┌──

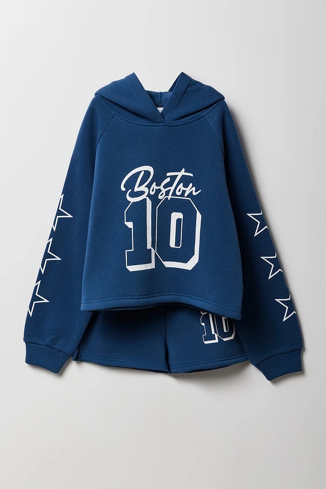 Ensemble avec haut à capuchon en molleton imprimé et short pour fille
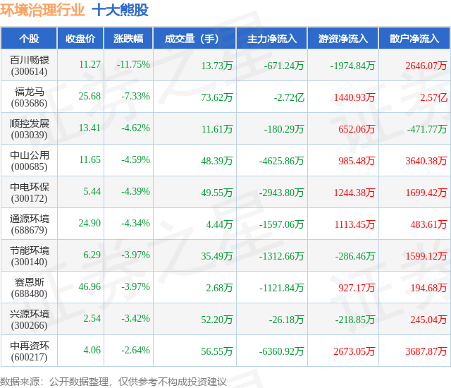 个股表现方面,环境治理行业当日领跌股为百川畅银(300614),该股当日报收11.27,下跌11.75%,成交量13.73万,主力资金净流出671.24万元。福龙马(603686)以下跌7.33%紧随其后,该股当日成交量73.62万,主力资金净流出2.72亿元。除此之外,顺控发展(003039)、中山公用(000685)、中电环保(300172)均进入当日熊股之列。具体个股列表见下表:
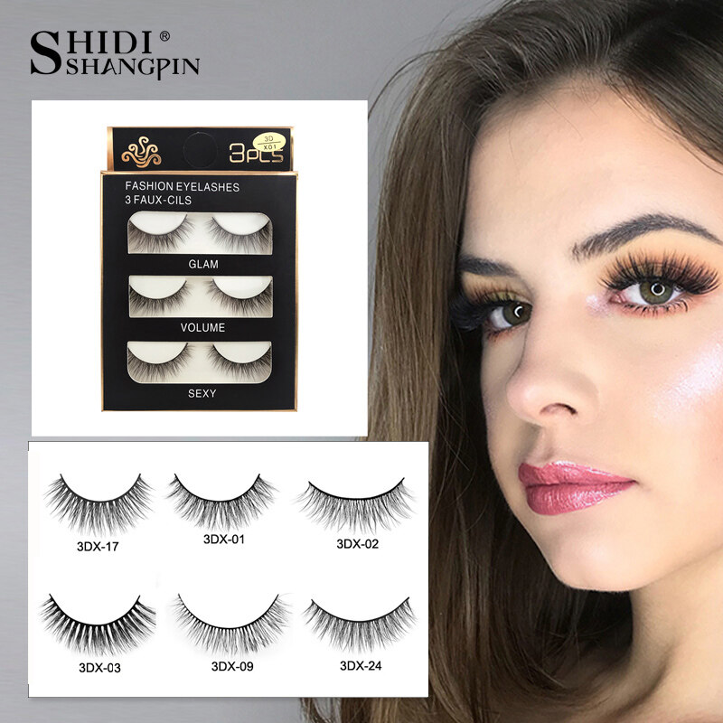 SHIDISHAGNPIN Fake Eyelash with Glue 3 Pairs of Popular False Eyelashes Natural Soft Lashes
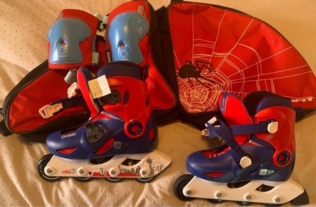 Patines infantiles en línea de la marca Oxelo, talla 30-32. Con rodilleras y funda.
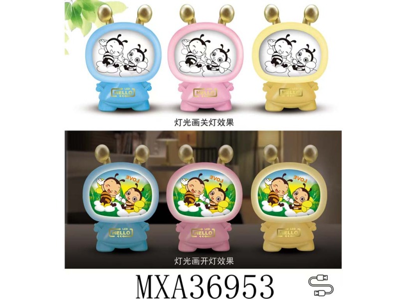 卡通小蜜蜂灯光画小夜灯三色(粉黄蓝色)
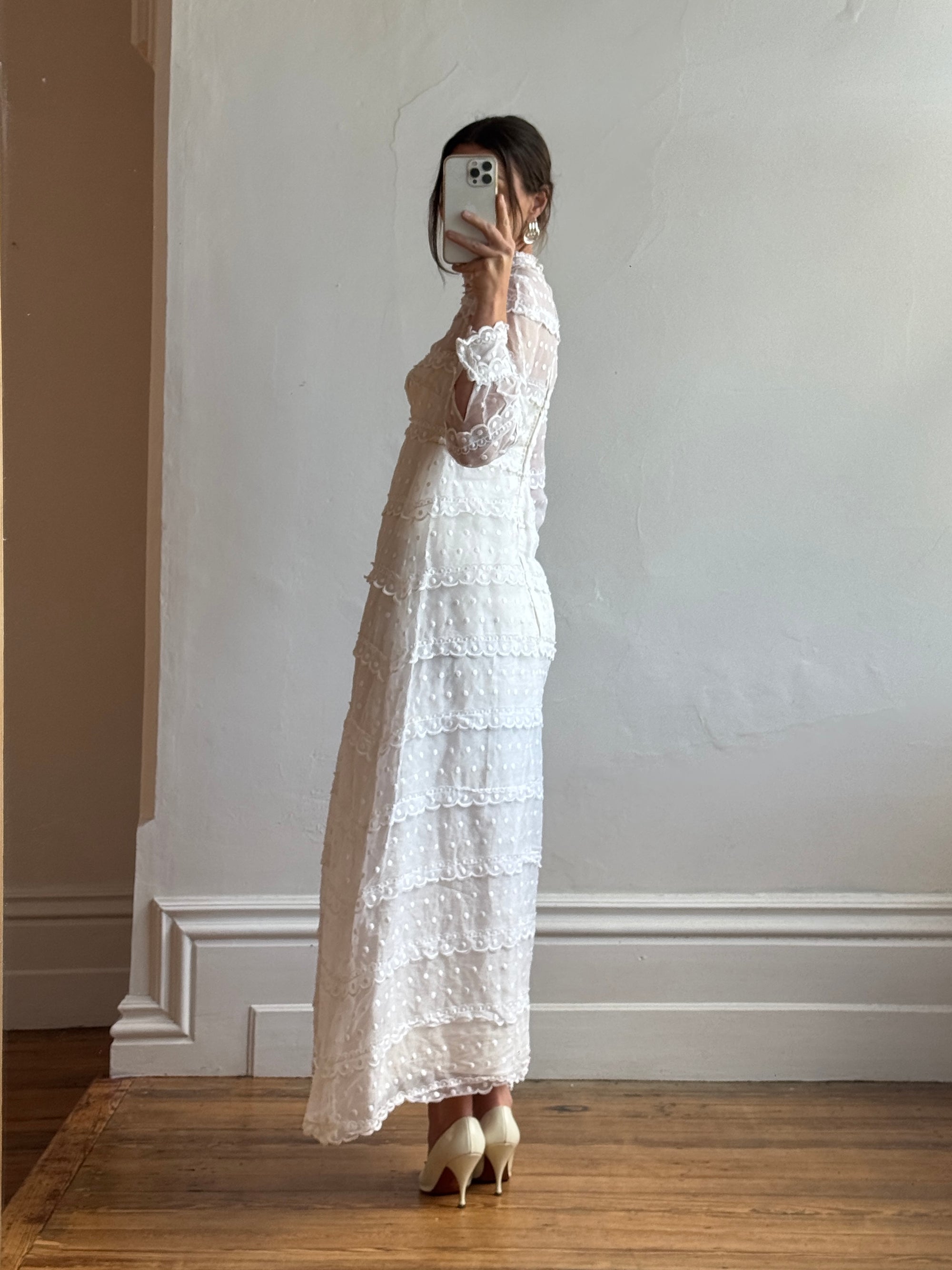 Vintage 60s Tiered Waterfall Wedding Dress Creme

└──
┌──

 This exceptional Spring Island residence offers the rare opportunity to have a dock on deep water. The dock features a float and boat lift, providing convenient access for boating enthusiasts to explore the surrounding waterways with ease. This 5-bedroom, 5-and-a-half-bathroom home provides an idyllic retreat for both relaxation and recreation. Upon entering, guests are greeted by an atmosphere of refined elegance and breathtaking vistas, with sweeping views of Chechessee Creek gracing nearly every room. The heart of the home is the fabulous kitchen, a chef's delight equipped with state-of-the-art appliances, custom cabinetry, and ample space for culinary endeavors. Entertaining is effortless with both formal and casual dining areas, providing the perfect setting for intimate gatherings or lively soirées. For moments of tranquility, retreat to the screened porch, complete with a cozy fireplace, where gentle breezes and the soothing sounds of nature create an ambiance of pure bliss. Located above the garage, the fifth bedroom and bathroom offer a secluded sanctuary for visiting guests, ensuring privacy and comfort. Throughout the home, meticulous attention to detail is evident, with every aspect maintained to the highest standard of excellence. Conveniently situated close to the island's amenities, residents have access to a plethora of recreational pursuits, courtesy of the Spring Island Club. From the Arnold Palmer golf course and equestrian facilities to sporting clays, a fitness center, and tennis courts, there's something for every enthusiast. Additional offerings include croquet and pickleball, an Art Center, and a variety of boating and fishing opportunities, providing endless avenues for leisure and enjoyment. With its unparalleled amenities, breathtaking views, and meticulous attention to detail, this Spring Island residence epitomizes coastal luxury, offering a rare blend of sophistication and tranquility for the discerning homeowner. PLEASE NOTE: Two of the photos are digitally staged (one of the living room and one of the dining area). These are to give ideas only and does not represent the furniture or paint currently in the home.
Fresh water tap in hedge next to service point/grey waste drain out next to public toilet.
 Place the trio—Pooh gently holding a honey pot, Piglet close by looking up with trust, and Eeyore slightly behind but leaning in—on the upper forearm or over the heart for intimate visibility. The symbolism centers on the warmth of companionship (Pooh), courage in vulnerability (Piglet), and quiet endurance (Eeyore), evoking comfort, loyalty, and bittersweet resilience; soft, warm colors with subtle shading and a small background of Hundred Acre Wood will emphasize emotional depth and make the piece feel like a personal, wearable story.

└──

What is required:
Return exactly the stretch above whose first line contains "个股表现方面,环境治理行业当" and whose last line contains "Vintage 60s Tiered", and nothing outside it. The pictures should not appear.

Answer to the exercise:
 个股表现方面,环境治理行业当日领跌股为百川畅银(300614),该股当日报收11.27,下跌11.75%,成交量13.73万,主力资金净流出671.24万元。福龙马(603686)以下跌7.33%紧随其后,该股当日成交量73.62万,主力资金净流出2.72亿元。除此之外,顺控发展(003039)、中山公用(000685)、中电环保(300172)均进入当日熊股之列。具体个股列表见下表:
 SHIDISHAGNPIN Fake Eyelash with Glue 3 Pairs of Popular False Eyelashes Natural Soft Lashes
 Patines infantiles en línea de la marca Oxelo, talla 30-32. Con rodilleras y funda.
 卡通小蜜蜂灯光画小夜灯三色(粉黄蓝色)
 Vintage 60s Tiered Waterfall Wedding Dress Creme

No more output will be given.